His partner, the Australian citizen, had relatives in Brisbane, Australia. His partner’s mother lived in Brisbane, and she was happy for them to come and stay with her for a while until they found their own place.
The goal was for them to move to Australia within 12 months, for the visa applicant to be granted a spouse visa, and to live in Australia permanently. The visa applicant had a job in Thailand, but there was no scope for transferring to Australia.
This meant that he was moving to Australia unemployed and would have had to look for work as soon as he was able to do so. He was not sure if looking for work in advance of getting a visa was somehow helpful, or a waste of time.
Visa in Australia – Is it better to lodge from inside Australia or outside Australia ?
There is no black or white answer. When discussing the best migration strategy for a any Australia partner visa application, it is important for the visa applicant understands the major differences between lodging the visa in Australia or outside Australia.

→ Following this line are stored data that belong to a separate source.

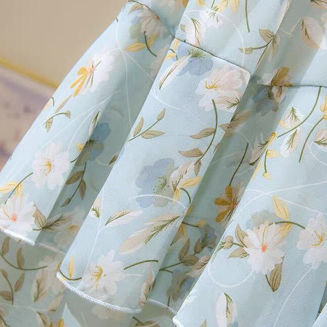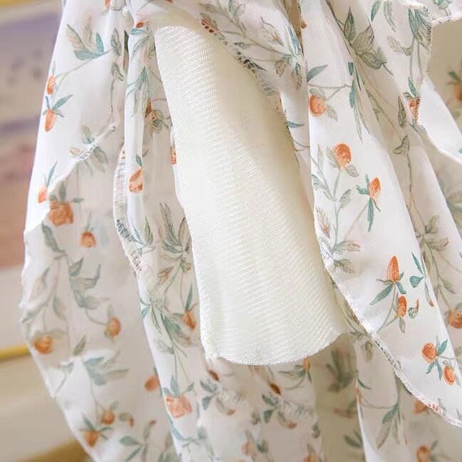小花柄のプリントが女性らしさを引き立て、三段に広がるフレアスカートは動くたびに揺れて可愛らしい印象を与えてくれます。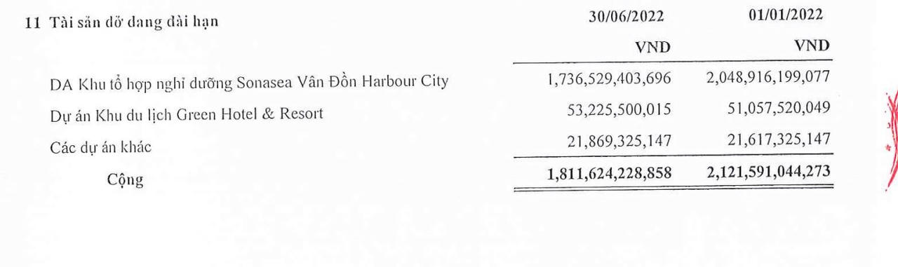 Ngoài ra, doanh nghiệp còn gần 1.812 tỷ đồng chi phí xây dựng cơ bản dở dang (giảm 15% so với đầu năm), tập trung tại Khu tổ hợp nghỉ dưỡng Sonasea Vân Đồn Harbour City (hơn 1.736 tỷ đồng), Khu du lịch Green Hotel & Resort (hơn 53 tỷ đồng)...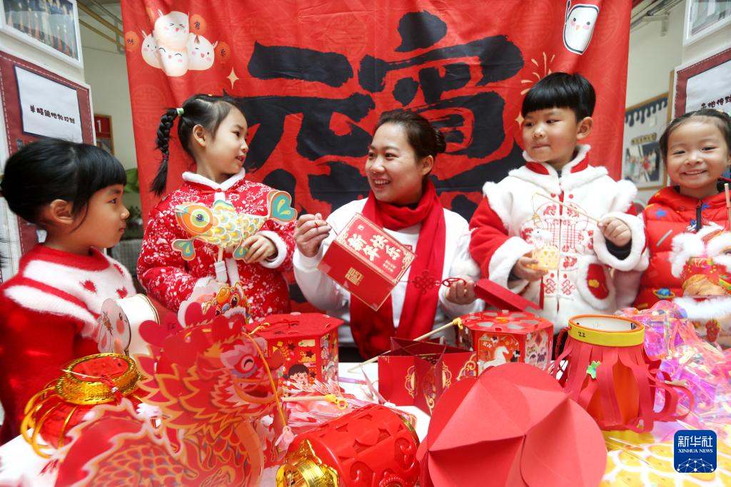 3月3日,在江苏省连云港市钟声和谐幼儿园,老师教小朋友制作元宵花灯。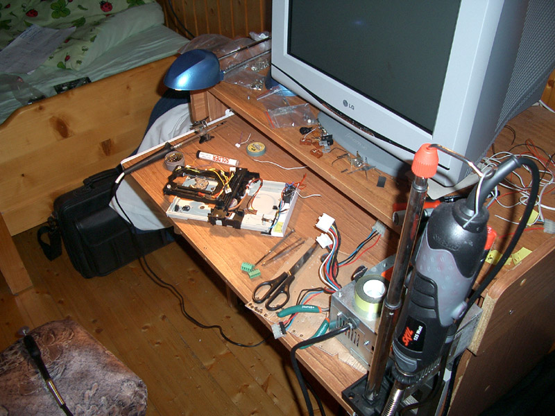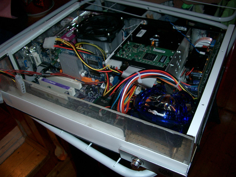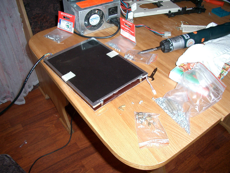 Вот я принёс для затравки несколько фоток - процесс изготовления корпуса компа и привода монитора+видео работы привода(3Мб).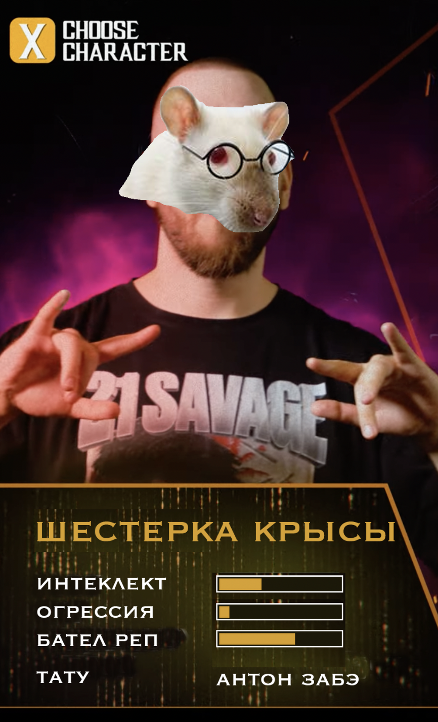Позиционирует себя онлайн бойцом, но до сих пор не нашел кнопку сведения трека, поэтому все его треки ссанина. Поняв это, стал судьей, но письку Фломастера не нюхал, а значит его мнение вообще не считается за адекватное.

In the case of my client, as a British citizen and a low risk applicant, he can either apply offshore, from Thailand, and wait in Thailand until the visa is granted, or arrive in Australia on a tourist visa and subsequently apply for Australia partner visa in Australia. The visa process is similar, but not 100% identical.
The processing time of an Australia partner visa is currently around 16 months for 75 percent of the visa applications. The Australian Department of Home Affairs has recently advised that the processing times for Australia partner visas will improve as a result of an increase in the places allocated to the family visa program.
So, if my client wants to apply right away and continue his employment in Thailand, rather than be unemployed in Australia, he can apply for the subclass 309 temporary partner visa from Thailand.
Once the temporary partner visa 309 is granted, he will have a certain amount of time (usually 12 months from the date of issue) to enter Australia. This should give him plenty of time to look for a job in Australia, find a house, organise his relocation to Australia and move to Australia already holding a partner visa.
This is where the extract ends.